*** Opening of Provided material ***

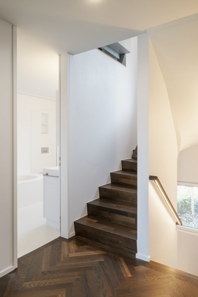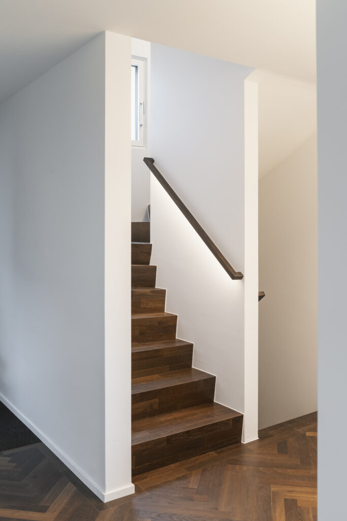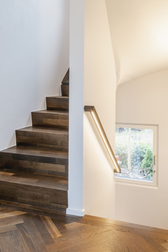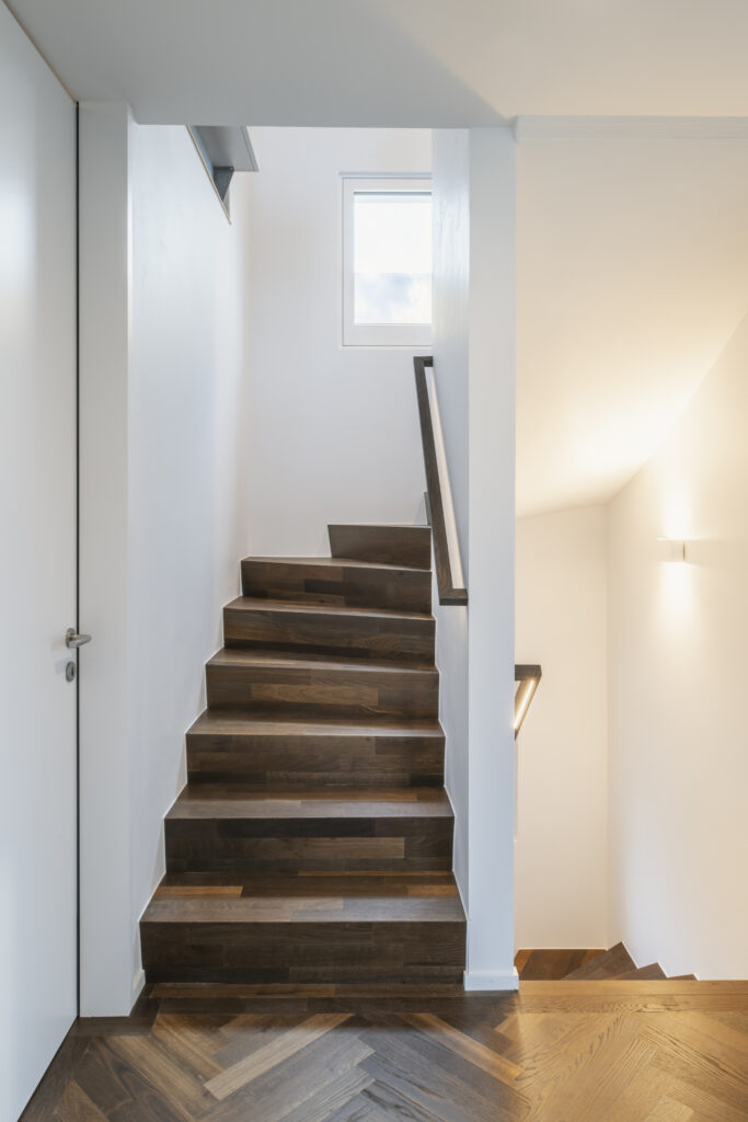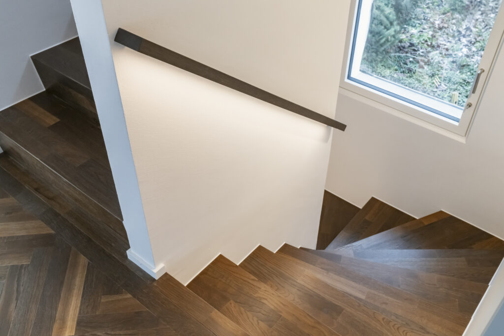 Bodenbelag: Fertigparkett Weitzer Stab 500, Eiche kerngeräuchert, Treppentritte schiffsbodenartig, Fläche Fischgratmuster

*** Close of Provided material ***
*** Opening of Provided material ***

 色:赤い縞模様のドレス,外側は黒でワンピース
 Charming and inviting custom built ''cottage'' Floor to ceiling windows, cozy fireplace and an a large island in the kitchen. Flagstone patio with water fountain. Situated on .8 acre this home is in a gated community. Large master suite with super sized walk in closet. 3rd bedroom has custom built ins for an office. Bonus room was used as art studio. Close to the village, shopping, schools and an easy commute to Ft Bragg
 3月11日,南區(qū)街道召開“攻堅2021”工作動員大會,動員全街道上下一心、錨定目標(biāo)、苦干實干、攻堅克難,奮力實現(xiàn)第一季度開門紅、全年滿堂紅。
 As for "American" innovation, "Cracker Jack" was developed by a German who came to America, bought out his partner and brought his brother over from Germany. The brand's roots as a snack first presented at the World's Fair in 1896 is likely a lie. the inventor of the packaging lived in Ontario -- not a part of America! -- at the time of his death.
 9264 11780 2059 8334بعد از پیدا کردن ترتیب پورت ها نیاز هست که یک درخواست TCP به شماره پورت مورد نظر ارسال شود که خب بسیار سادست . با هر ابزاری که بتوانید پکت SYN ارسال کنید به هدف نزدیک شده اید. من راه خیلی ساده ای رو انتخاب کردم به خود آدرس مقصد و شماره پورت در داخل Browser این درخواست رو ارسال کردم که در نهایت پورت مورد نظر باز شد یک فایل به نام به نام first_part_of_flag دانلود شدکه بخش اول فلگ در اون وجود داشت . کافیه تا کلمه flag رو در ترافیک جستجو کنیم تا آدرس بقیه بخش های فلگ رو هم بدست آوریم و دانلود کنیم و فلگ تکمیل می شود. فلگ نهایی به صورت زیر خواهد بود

*** Close of Provided material ***

◆ **Task requirements**: Out of the data above, transcribe exactly and only the lines starting with the line that has "色:赤い縞模様のドレス,外側は黒でワンピース" and going on through the line that has "3月11日,南區(qū)街道", both included.

◆ **Result below**:
 色:赤い縞模様のドレス,外側は黒でワンピース
 Charming and inviting custom built ''cottage'' Floor to ceiling windows, cozy fireplace and an a large island in the kitchen. Flagstone patio with water fountain. Situated on .8 acre this home is in a gated community. Large master suite with super sized walk in closet. 3rd bedroom has custom built ins for an office. Bonus room was used as art studio. Close to the village, shopping, schools and an easy commute to Ft Bragg
 3月11日,南區(qū)街道召開“攻堅2021”工作動員大會,動員全街道上下一心、錨定目標(biāo)、苦干實干、攻堅克難,奮力實現(xiàn)第一季度開門紅、全年滿堂紅。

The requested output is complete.